Why would following someone who idolizes this industry be interesting or amusing? Peg is someone who’s idealistic about the cult of sales on which debt collection is based. She’ll willingly trade being able to make it day-to-day for a risky scam that has an outside shot of making her rich. She’s emblematic of a philosophy about money that plunges people into debt in the first place, a philosophy that tells us to invest rather than save, to hoard rather than share, to look out for ourselves rather than our communities.
There can be a certain fascination to watching bad guys who are so exceptionally precise at their manipulation that they run circles around the good guys. The prototype for this is Iago in “Othello”. The concept survives to this day in shows like “House of Cards” and its U.S. remake, or movies like “There Will Be Blood”. That plays differently after four years of Trump, though. Perhaps those we have to fear aren’t the cinematic genius masterminds, but the desperate hustlers who whip their followers into a fanatical frenzy.
Zoey Deutch’s Peg is no Iago. She’s desperate to escape her social class, to escape debt. She has schemes on schemes. She also has the gift of convincing herself, and her family and employees, and perhaps even us as the audience that she wants to do it the right way. She wants to reform the debt collection industry. She wants to make it work for the industry and for those in debt. We know that’s not possible, but if anyone can take a run at it, maybe it’s her – even as she erodes what is and isn’t legitimate.
She’s just good enough at it to ride the line between success and prison. She has just enough of a gift to shift in and out of each. There’s no middle ground for her. She grew up in a house with debt collectors breathing down her mother’s neck. Her mother (Judy Greer in a very overlooked role) runs a struggling, off-the-books business. Peg looks down on her for that, while having endless, misguided faith in the memory of a scam-artist father who passed away and passed his debts onto all the rest.

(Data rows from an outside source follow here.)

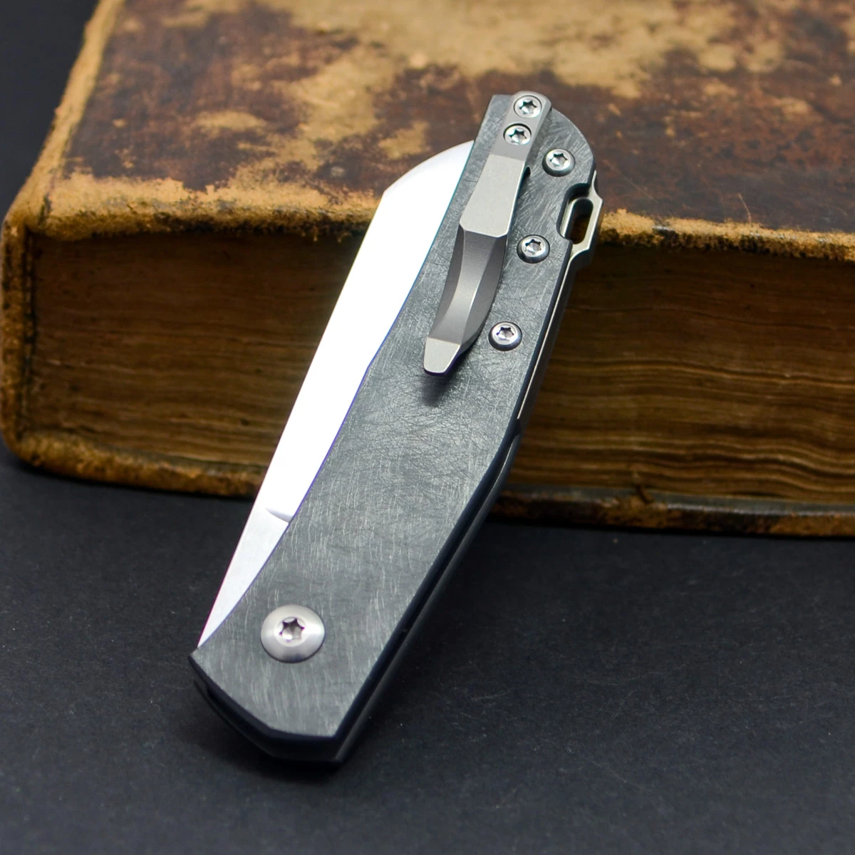 The zirconium handle scales offer an exciting surface that also feels great thanks to the brushed finish. The backspacer as well as the clip are made of gray titanium.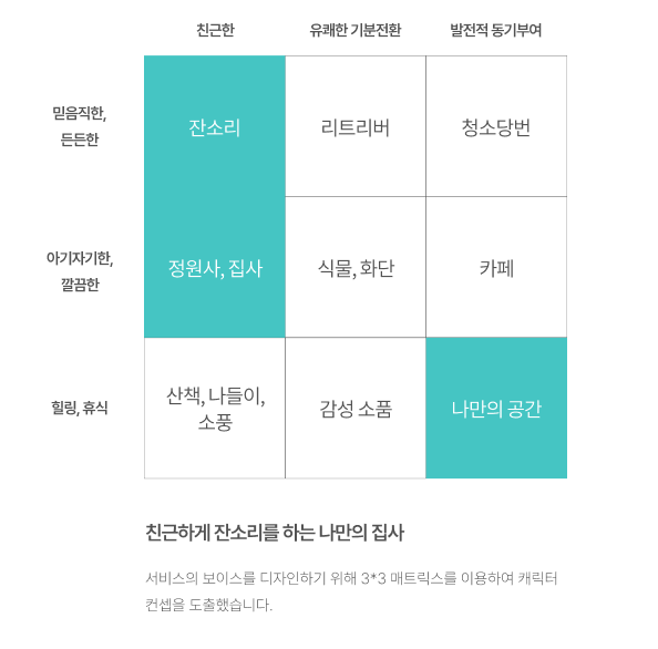 가로 세로에 원하는 컨셉을 각 3가지 씩 써넣고, 각기 연결되는 칸에는 두 컨셉이 상존하는 오브젝트를 쓰면된다. 이것을 메타포로 하여 로고나 캐릭터를 디자인하면 된다.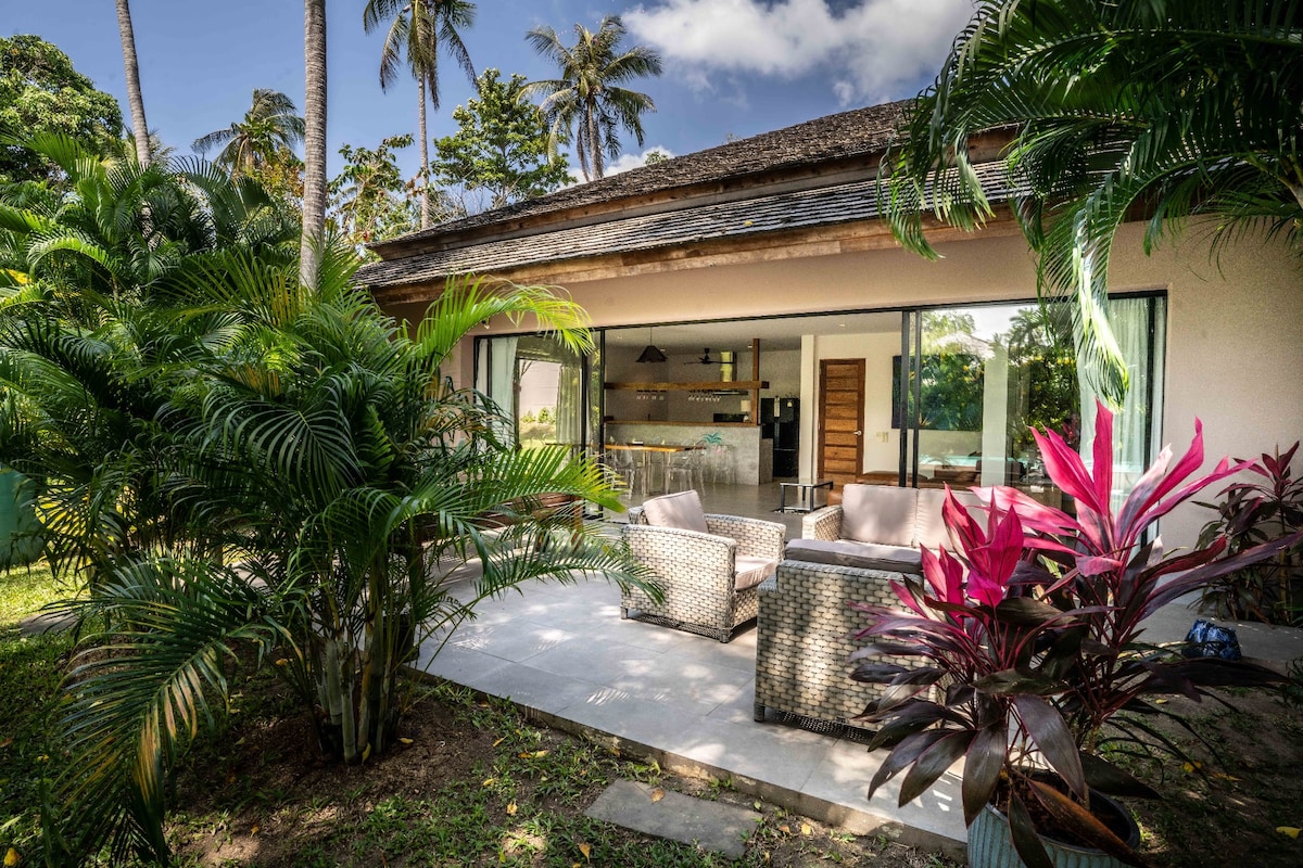 Perfect for groups & families, this luxurious 5-bedroom villa offers total privacy, tropical design, and everything you need to unwind or celebrate. Enjoy your own private pool, full gym, and steam room on an expansive garden estate. Sleeps up to 12 with indoor-outdoor living, high ceilings, and fully equipped kitchen. A rare island gem for families, friends, or wellness getaways.

How is any of this funny, let alone one of the best comedies of the year? Brian Sacca’s screenplay and Tanya Wexler’s direction eviscerate one of the most predatory and loosely regulated industries in the country. Different debt collection agencies go to war like wannabe mafias over who’s buying what debt, at what cost. They raid, threaten, and SWAT each other. The movie educates about the industry even while building comedy off how pathetic and desperate it all is.
Peg herself might be a sociopath. Or she might be a good, caring person who has to act the part of sociopath to stand up against threats. Or she might be a sociopath who acts the part of good, caring person because it keeps her enablers where she needs them. She hires outsiders because she believes in them, identifies with them…or because she knows she can control them more easily. She doesn’t want to betray her lawyer boyfriend because she cares about him…or because she knows he’s a useful resource for her. We never know which, and Deutch’s performance balances on this line perfectly. We’re scared for her, worried for her, and rooting for her while we also legitimately distrust her. That Deutch can sell us on all of the above at once offers us a deceptively complex comedic performance – something that becomes more layered because it is so comedic in nature.
That’s more real and worrisome than an Iago. There will always be someone sensible who resists an Iago. His shortcoming is that he never believed his own lies – they were logical lies, not emotional ones. A Peg, though? She’s an icon. Who needs logic when emotion overrides it? Even as a viewer, I can say I empathize with her and may even believe in her. I want her to succeed because her panic, desperation, resolve, determination – they’re all so identifiable, even when her success is built on eroding the very lines of legitimacy she tells everyone she’s trying to reinforce.
Iago speaks to the audience and we know he’s evil. We follow him because his actions are happening outside of us, on a stage, or the page, or in a movie. We’re not necessarily legitimizing them by wanting to know what happens. Peg speaks to us and we’re confused about who she is even in that moment, but she sure seems to believe it so why wouldn’t we give her a chance? On some level, that legitimization is happening inside of us as the viewer. There’s a larger barrier to enabling Iago or the logical villains like him. There’s almost none to enabling villainy from someone you actually like and can identify with. “Buffaloed” can read us, and then take advantage of it while calling it out and making it plain as day to us.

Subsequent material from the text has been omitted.